● MATERIAL PROVIDED
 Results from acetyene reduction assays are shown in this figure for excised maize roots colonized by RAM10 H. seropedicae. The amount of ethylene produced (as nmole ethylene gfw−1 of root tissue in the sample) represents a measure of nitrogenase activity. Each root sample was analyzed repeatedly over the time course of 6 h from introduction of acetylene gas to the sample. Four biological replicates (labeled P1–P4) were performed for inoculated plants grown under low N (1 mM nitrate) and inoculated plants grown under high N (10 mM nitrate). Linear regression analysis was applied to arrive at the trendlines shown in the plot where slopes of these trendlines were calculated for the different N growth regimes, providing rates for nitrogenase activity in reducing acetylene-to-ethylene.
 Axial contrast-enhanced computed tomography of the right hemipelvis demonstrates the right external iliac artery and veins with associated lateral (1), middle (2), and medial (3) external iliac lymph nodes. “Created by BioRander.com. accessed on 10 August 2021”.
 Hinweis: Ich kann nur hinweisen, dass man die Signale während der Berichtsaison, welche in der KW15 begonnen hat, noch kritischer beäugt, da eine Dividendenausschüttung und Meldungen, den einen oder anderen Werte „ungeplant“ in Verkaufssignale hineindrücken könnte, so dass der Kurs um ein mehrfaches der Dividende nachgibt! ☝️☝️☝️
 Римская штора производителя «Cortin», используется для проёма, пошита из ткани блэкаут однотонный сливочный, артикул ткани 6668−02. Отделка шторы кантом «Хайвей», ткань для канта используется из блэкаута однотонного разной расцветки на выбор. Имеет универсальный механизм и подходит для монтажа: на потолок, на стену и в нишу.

...

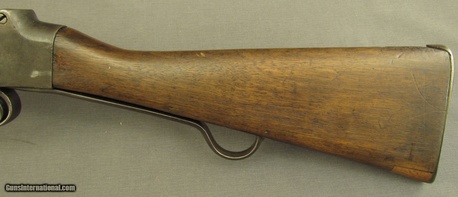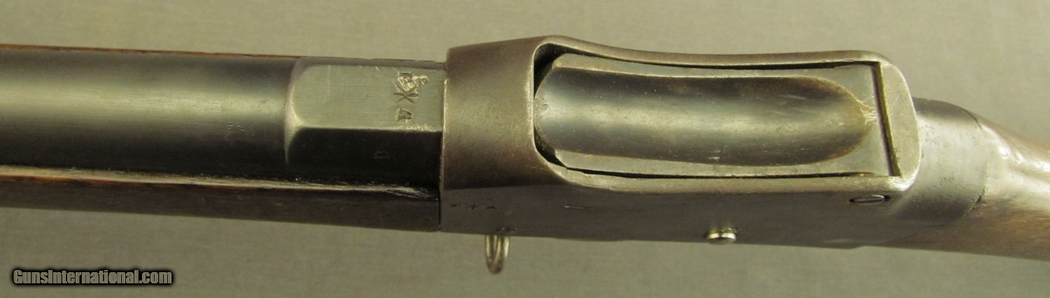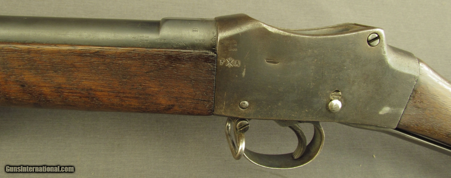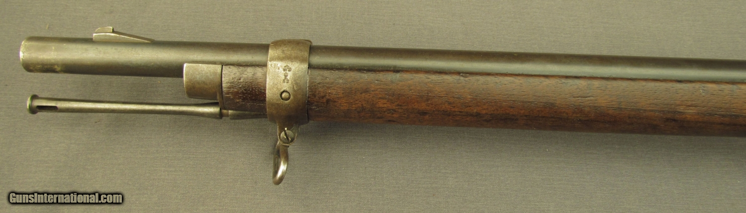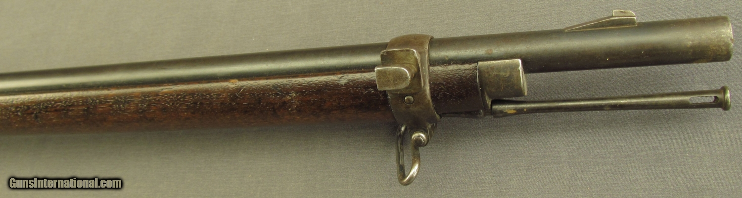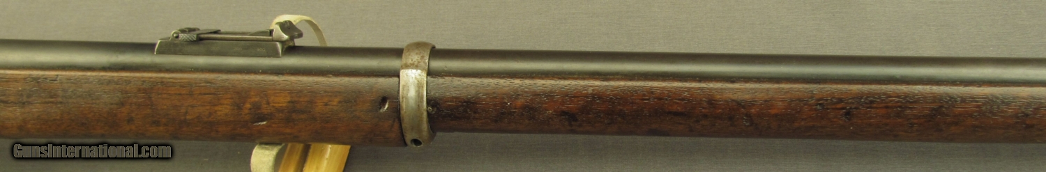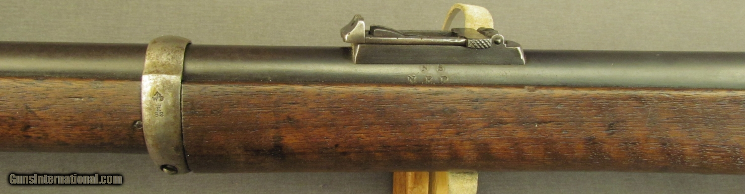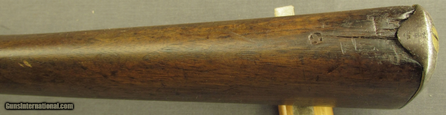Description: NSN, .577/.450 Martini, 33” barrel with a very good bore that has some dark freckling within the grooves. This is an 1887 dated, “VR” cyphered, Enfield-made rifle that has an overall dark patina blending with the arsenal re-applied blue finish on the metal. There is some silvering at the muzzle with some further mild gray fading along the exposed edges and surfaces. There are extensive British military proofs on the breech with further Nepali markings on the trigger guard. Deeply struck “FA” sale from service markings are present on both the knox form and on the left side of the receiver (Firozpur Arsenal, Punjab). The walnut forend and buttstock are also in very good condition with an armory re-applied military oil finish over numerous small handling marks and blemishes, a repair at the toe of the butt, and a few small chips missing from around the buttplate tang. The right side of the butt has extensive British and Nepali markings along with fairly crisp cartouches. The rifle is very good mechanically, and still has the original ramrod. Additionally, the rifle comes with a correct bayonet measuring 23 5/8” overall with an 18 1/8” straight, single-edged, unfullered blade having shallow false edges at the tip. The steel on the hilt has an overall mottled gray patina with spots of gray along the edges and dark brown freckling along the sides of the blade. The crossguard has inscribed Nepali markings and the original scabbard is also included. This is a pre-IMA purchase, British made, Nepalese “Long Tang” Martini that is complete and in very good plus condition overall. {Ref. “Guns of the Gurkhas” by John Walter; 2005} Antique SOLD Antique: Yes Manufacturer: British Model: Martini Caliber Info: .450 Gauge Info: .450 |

● BRIEF
Above are the records; repeat exactly the lines from the one holding "Hinweis: Ich kann" down to the one holding "Римская штора производителя", end lines included.

● RESPONSE AREA
 Hinweis: Ich kann nur hinweisen, dass man die Signale während der Berichtsaison, welche in der KW15 begonnen hat, noch kritischer beäugt, da eine Dividendenausschüttung und Meldungen, den einen oder anderen Werte „ungeplant“ in Verkaufssignale hineindrücken könnte, so dass der Kurs um ein mehrfaches der Dividende nachgibt! ☝️☝️☝️
 Римская штора производителя «Cortin», используется для проёма, пошита из ткани блэкаут однотонный сливочный, артикул ткани 6668−02. Отделка шторы кантом «Хайвей», ткань для канта используется из блэкаута однотонного разной расцветки на выбор. Имеет универсальный механизм и подходит для монтажа: на потолок, на стену и в нишу.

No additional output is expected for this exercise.